_Supplied records:_

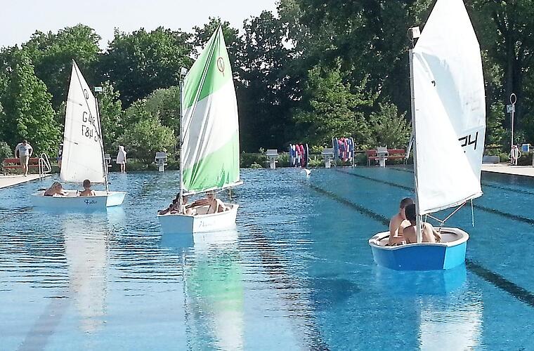 Wie geht das? Da gibt es einerseits eine pfiffige Crew junger Männer, die Jugendabteilung der Marinekameradschaft Forchheim unter der Leitung von Peter Schulte, die ihre Begeisterung für das Wasser und den Seesport auch einmal mit anderen jungen Leuten erleben wollten. Dann gibt es die aufgeschlossene Leitung des Königsbades, Peter Lutz, die es ermöglichte, diese trendige Idee umzusetzen.
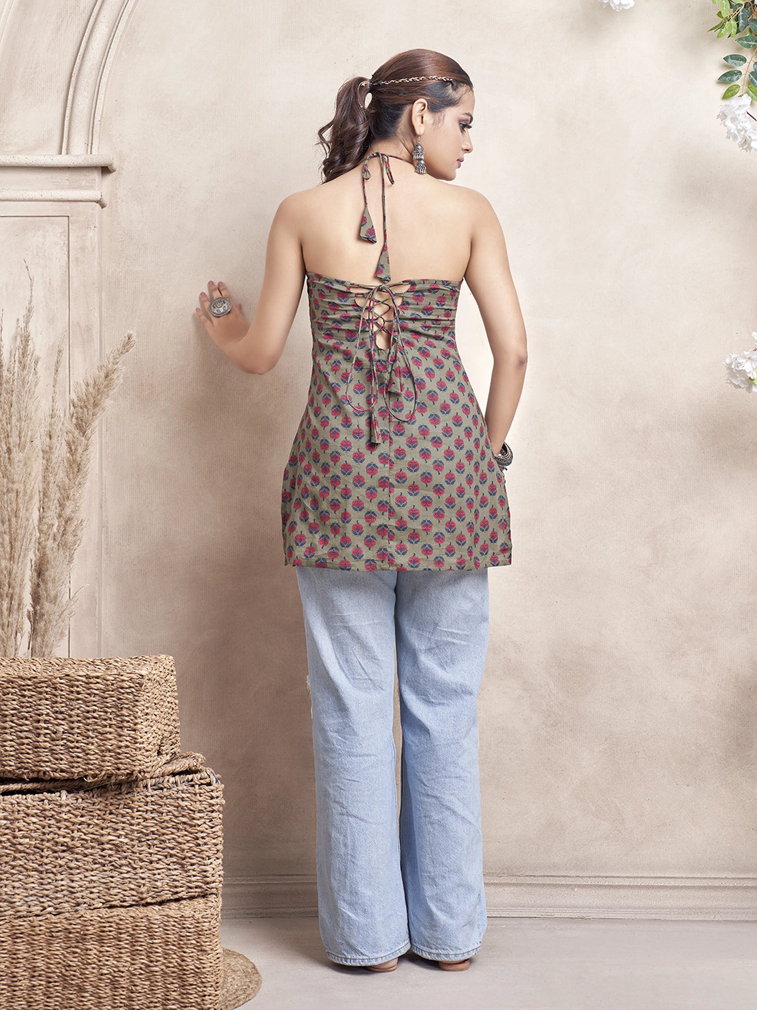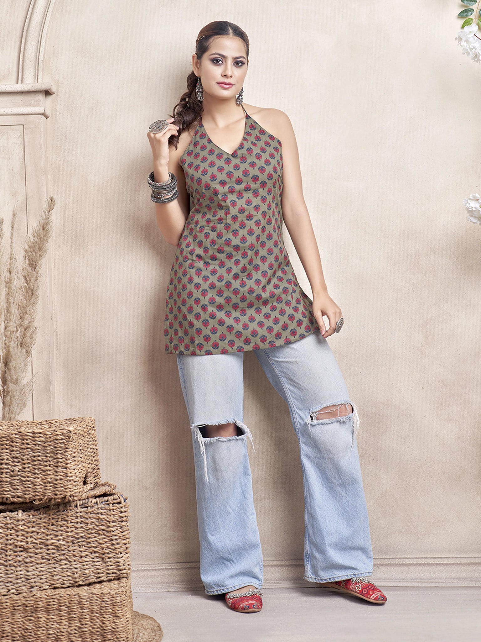 Olive Green Halter Neck Cotton Short Kurti with Floral Block Print
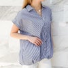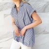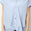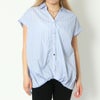 バックレースリボンが目を引く多種ボタンシャツが登場★柔らかい素材は着心地も良く、デザイン違いのボタンが華やかで可愛いポイントに♪フレンチスリーブで仕立てることで女性らしく魅せてくれる1枚◎フロントの裾にタックを施し、前だけインしたようなデザインなのでテクニック要らずでスタイリングをオシャレに演出します☆
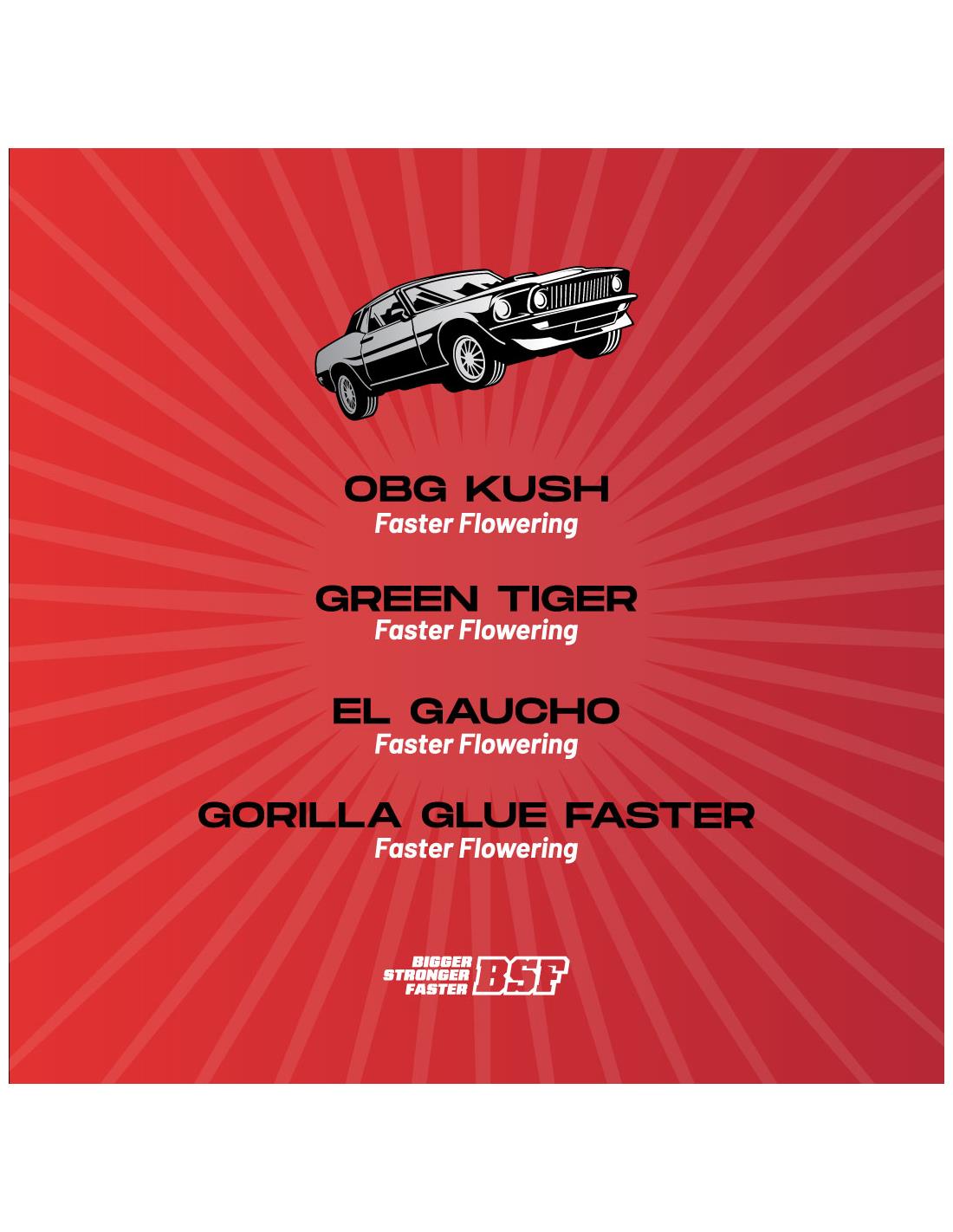 Faster and Furious Mix BSF Seeds presenta Faster and Furious Mix, un mix de semillas de floración rápida con las cuatro variedades Faster Flowering del catálogo Bigger Stronger Faster; OBG Kush, Green Tiger, Gorilla Faster y El Gaucho, todas separadas en burbujas independientes. Las Faster Flowering o de floración rápida son fotoperiódicas con un tiempo acotado de floración.
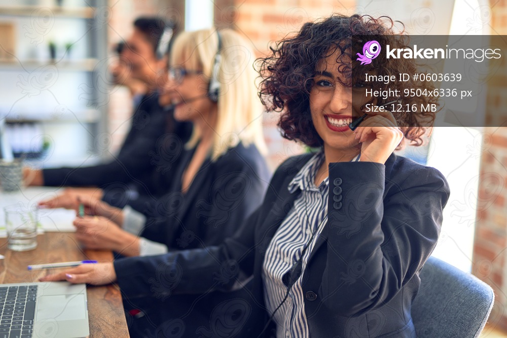 Group of call center workers working together with smile on face using headset. Young beautiful woman smiling at the office.
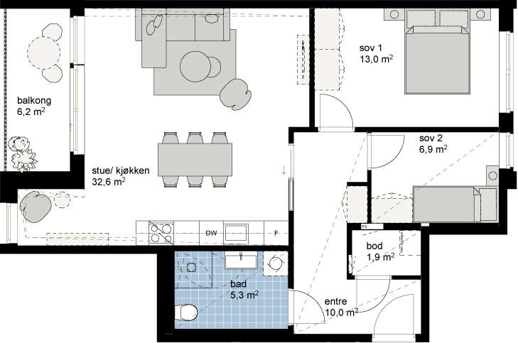Lys og luftig leilighet med 2,55 meters takhøyde, store vinduer og hvitpigmentert en-stavs herdet tregulv. Leiligheten har to soverom, åpen stue- og kjøkkenløsning med plass til både spisegruppe og sofagruppe, samt direkte tilgang til en romslig balkong. I tillegg har du tilgang til et 375 kvm stort fellesområde med kaffebar, lounge, selskapsrom, treningssenter, møterom og gjesterom for overnattingsbesøk.
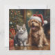 Cute Cartoon Cat and Dog Christmas Holiday Card
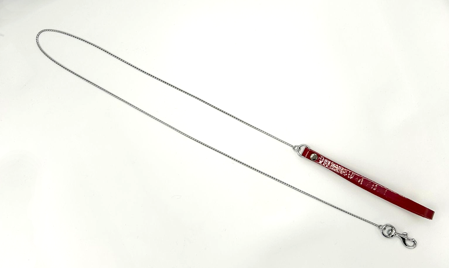 Die silberfarbene Führungsleine besticht durch ihre Schlangenkette aus vernickeltem Messing und einer auffälligen Handschlaufe aus Rindsleder mit einer glänzenden roten Lackoberfläche.
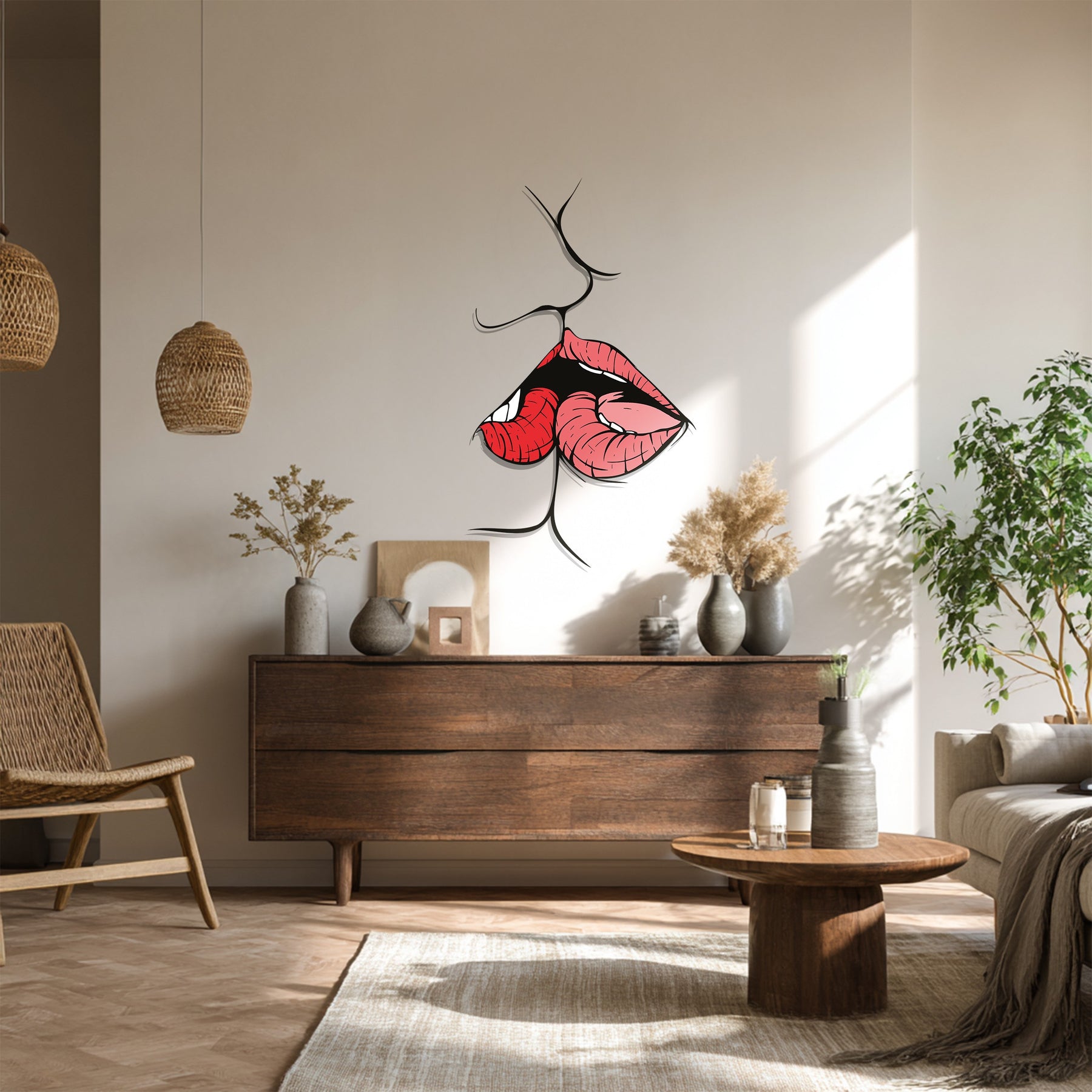 Lips Kiss Metal Wall Art – Sensual Modern Romantic Home Decor

_What needs to be done:_ Restate, exactly as they appear, the line with "Faster and Furious Mix BSF" and all the lines after it up to the end of the data above; images do not belong in the copy.

_Answer to this exercise:_
 Faster and Furious Mix BSF Seeds presenta Faster and Furious Mix, un mix de semillas de floración rápida con las cuatro variedades Faster Flowering del catálogo Bigger Stronger Faster; OBG Kush, Green Tiger, Gorilla Faster y El Gaucho, todas separadas en burbujas independientes. Las Faster Flowering o de floración rápida son fotoperiódicas con un tiempo acotado de floración.
 Group of call center workers working together with smile on face using headset. Young beautiful woman smiling at the office.
Lys og luftig leilighet med 2,55 meters takhøyde, store vinduer og hvitpigmentert en-stavs herdet tregulv. Leiligheten har to soverom, åpen stue- og kjøkkenløsning med plass til både spisegruppe og sofagruppe, samt direkte tilgang til en romslig balkong. I tillegg har du tilgang til et 375 kvm stort fellesområde med kaffebar, lounge, selskapsrom, treningssenter, møterom og gjesterom for overnattingsbesøk.
 Cute Cartoon Cat and Dog Christmas Holiday Card
 Die silberfarbene Führungsleine besticht durch ihre Schlangenkette aus vernickeltem Messing und einer auffälligen Handschlaufe aus Rindsleder mit einer glänzenden roten Lackoberfläche.
 Lips Kiss Metal Wall Art – Sensual Modern Romantic Home Decor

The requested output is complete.